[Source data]
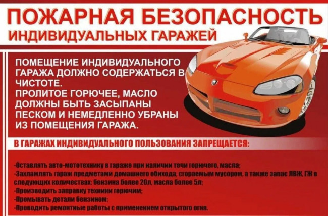 Чтобы избежать пожара в гараже,соблюдайте правила пожарной безопасности:
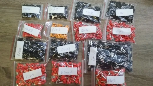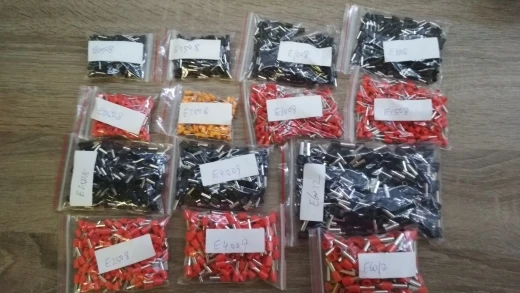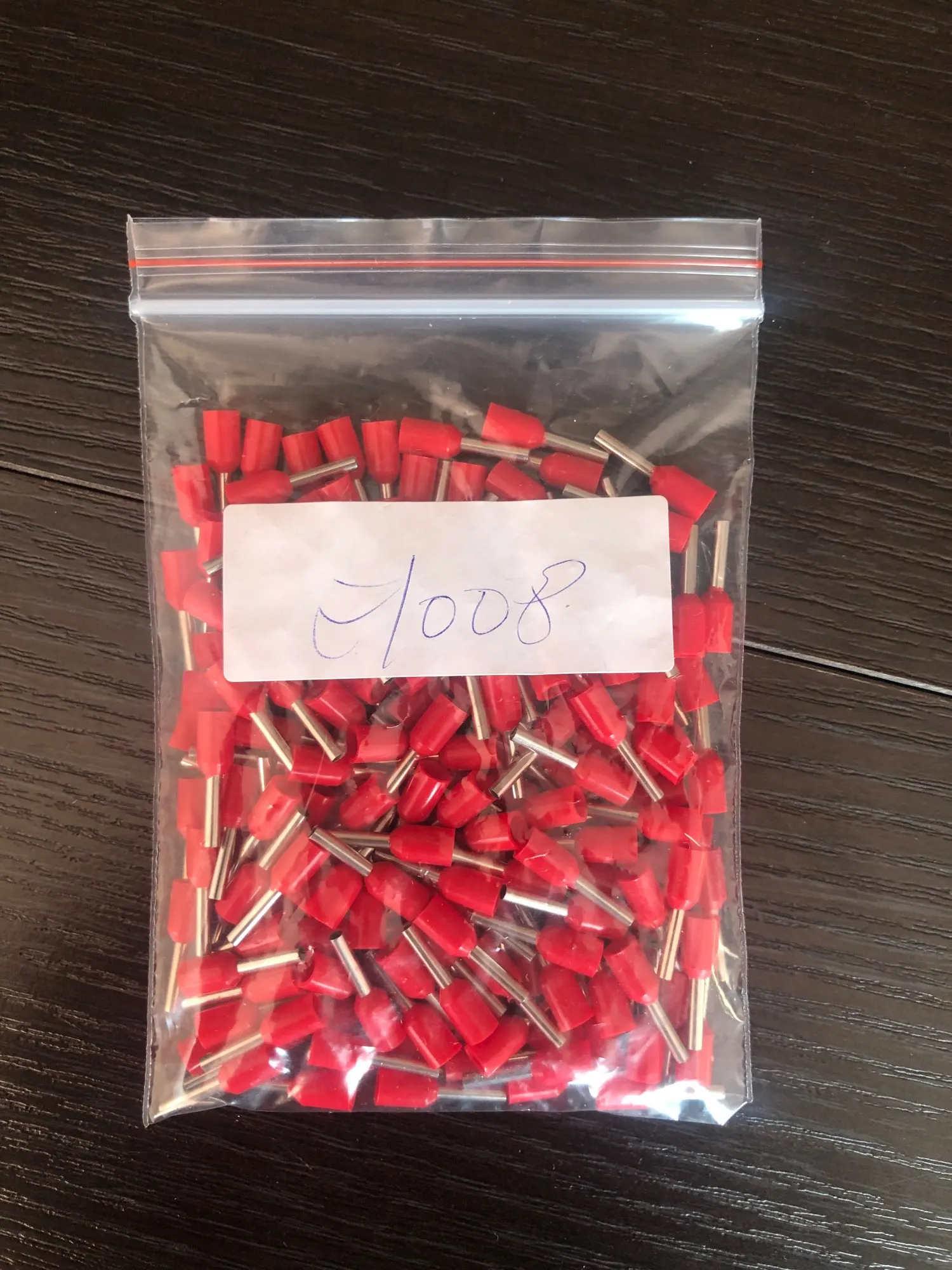 Изоляционные изоляционные клеммы E1008, 1 мм2, 18AWG, для проводов, черные, желтые, синие, красные, зеленые, 100 шт.
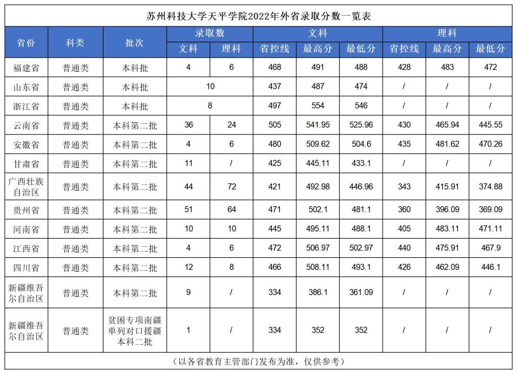 2022年 : 苏州科技大学天平学院-2022年江苏省各专业录取分数线及位次表 / 2022年外省录取分数线一览表
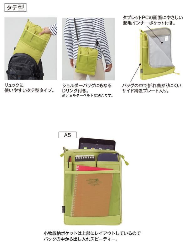| タブレットPCに優しい起毛生地ポケットが付いた薄型バッグインバッグです。 |
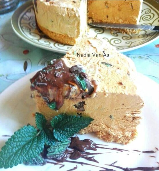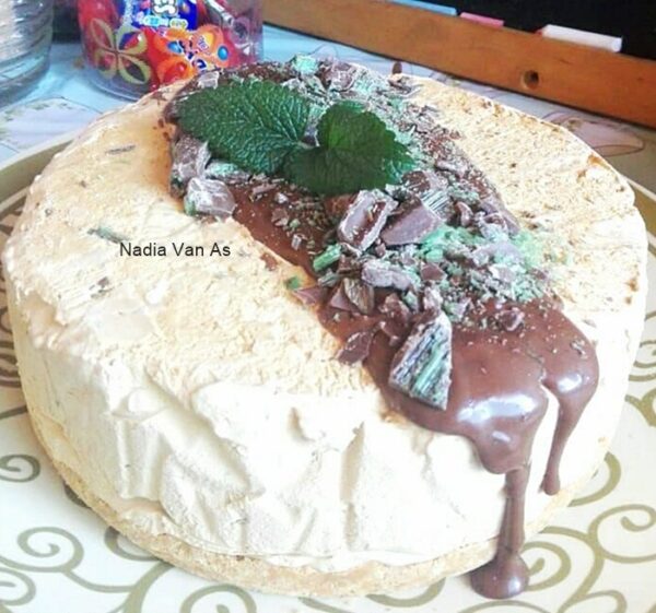 Fold the peppermint crispy splinter in with a spoon and pour over biscuit base, cover with foil and freeze overnight.
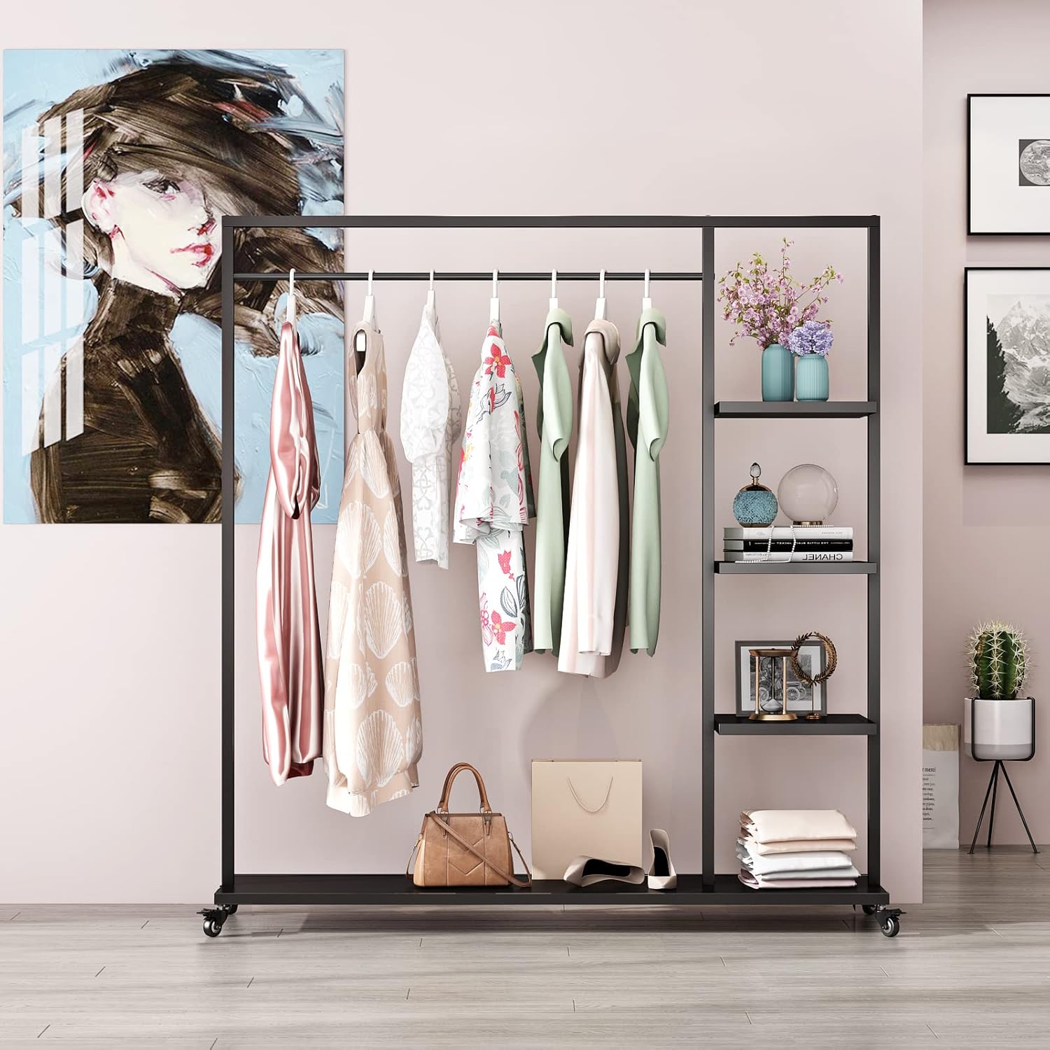 Freestanding Heavy Duty Industrial Pipe Clothing Rack, Portable Commercial Clothes Display Rack, Multi-Purpose Garment Bar for Retail Boutiques Home, Laundry Room,Closet Storage
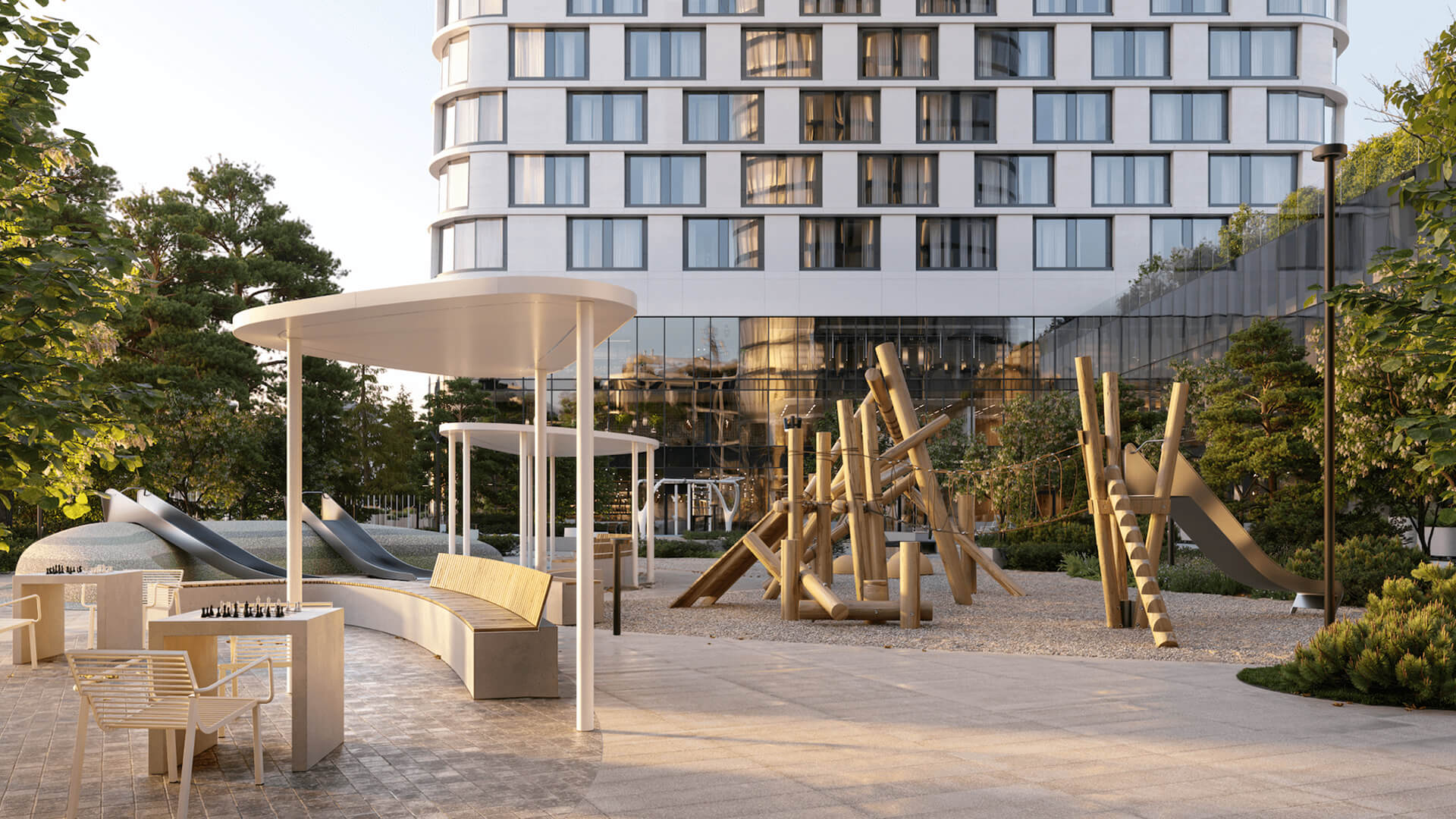 Дизайн территории выполнен в духе минимализма, с использованием светлых тонов и обилия открытого пространства, что способствует расслаблению и создает ощущение гармонии. Зеленые зоны, уютные уголки для отдыха и продуманная инфраструктура делают SOLOS идеальным местом для жизни, где можно наслаждаться природой, не покидая пределов города.
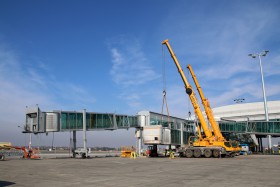 21.02. Na stání č. 14 na pražském letišti Václava Havla byl dnes odpoledne ukotven třetí nástupní most. Stání by mělo být uvedeno do provozu na konci března 2015.
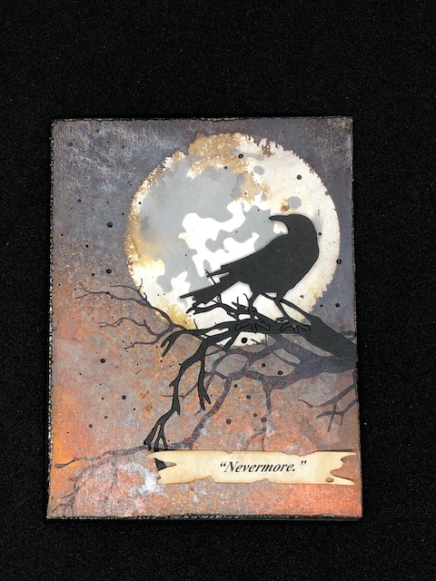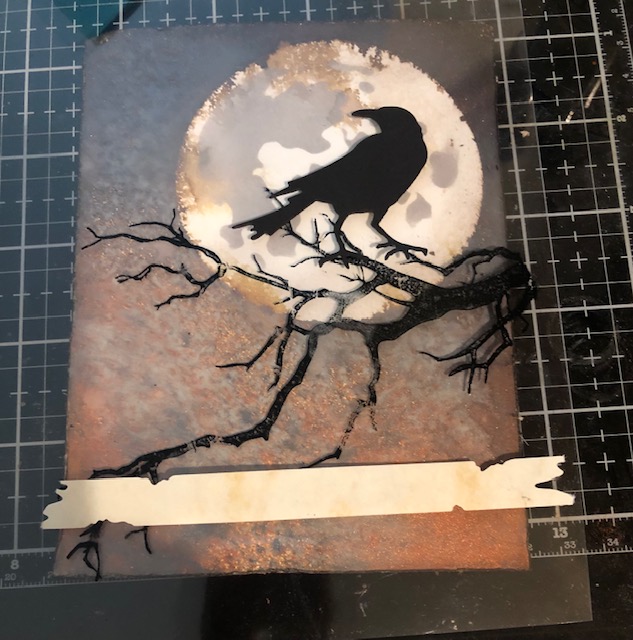 7. I distressed the edges of the banner with Vintage Photo and attached it under my raven. Lastly I distressed all the edges of the card and inked them in Black Soot and attached the whole thing to a black card base.
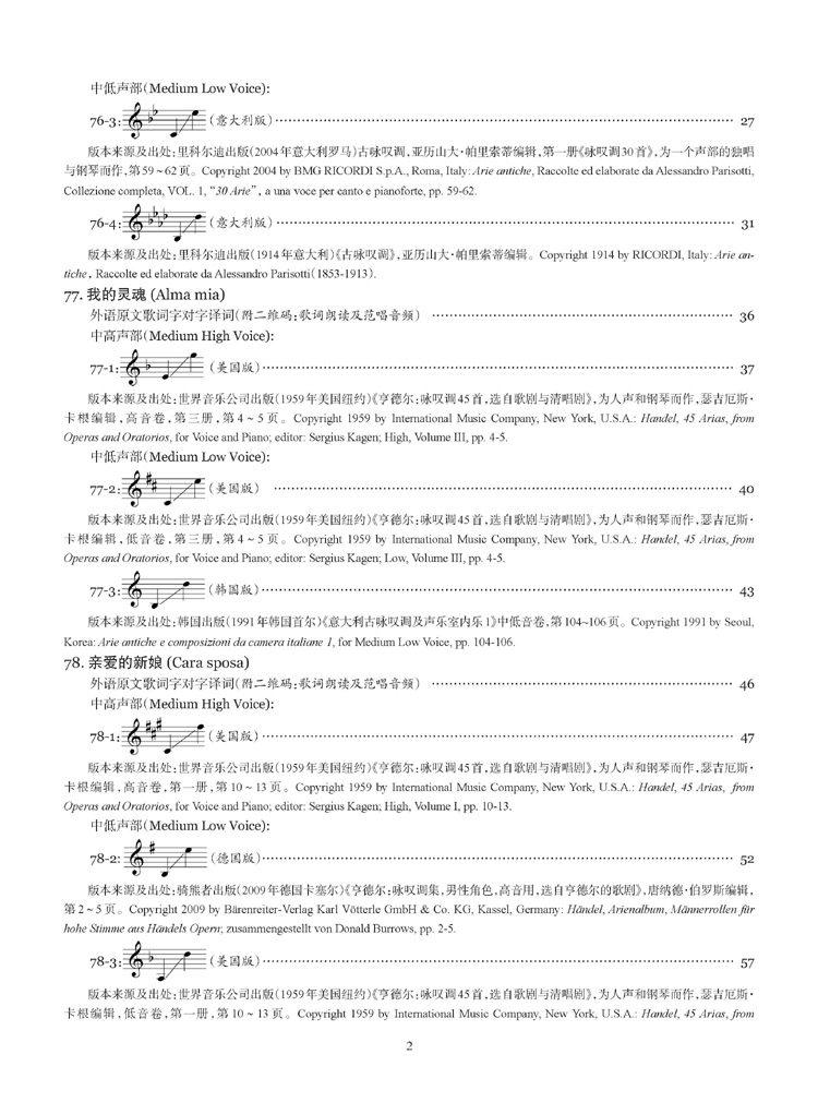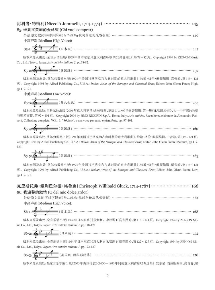 整个系列8册都是“意大利古典声乐作品”,但本册乐谱同时也编译了两位德国作曲家亨德尔(George Friedrich Händel, 1685-1759)和格鲁克(Christoph Willibald Gluck, 1714-1787)用意大利语演唱的声乐独唱名曲,他们二人当时受到了意大利那不勒斯乐派的影响,其早期作品常采用意大利语歌词来创作意大利风格的歌剧和三段体咏叹调。从风格上来看,本册曲集中编译的这两位德国作曲家的声乐独唱曲就是典型的意式古典声乐独唱作品。

[Work required] Up to and including the line with "Fold the peppermint", copy the data above from its first line. Skip pictures.

[Response to this task]
 Чтобы избежать пожара в гараже,соблюдайте правила пожарной безопасности:
 Изоляционные изоляционные клеммы E1008, 1 мм2, 18AWG, для проводов, черные, желтые, синие, красные, зеленые, 100 шт.
 2022年 : 苏州科技大学天平学院-2022年江苏省各专业录取分数线及位次表 / 2022年外省录取分数线一览表
| タブレットPCに優しい起毛生地ポケットが付いた薄型バッグインバッグです。 |
 Fold the peppermint crispy splinter in with a spoon and pour over biscuit base, cover with foil and freeze overnight.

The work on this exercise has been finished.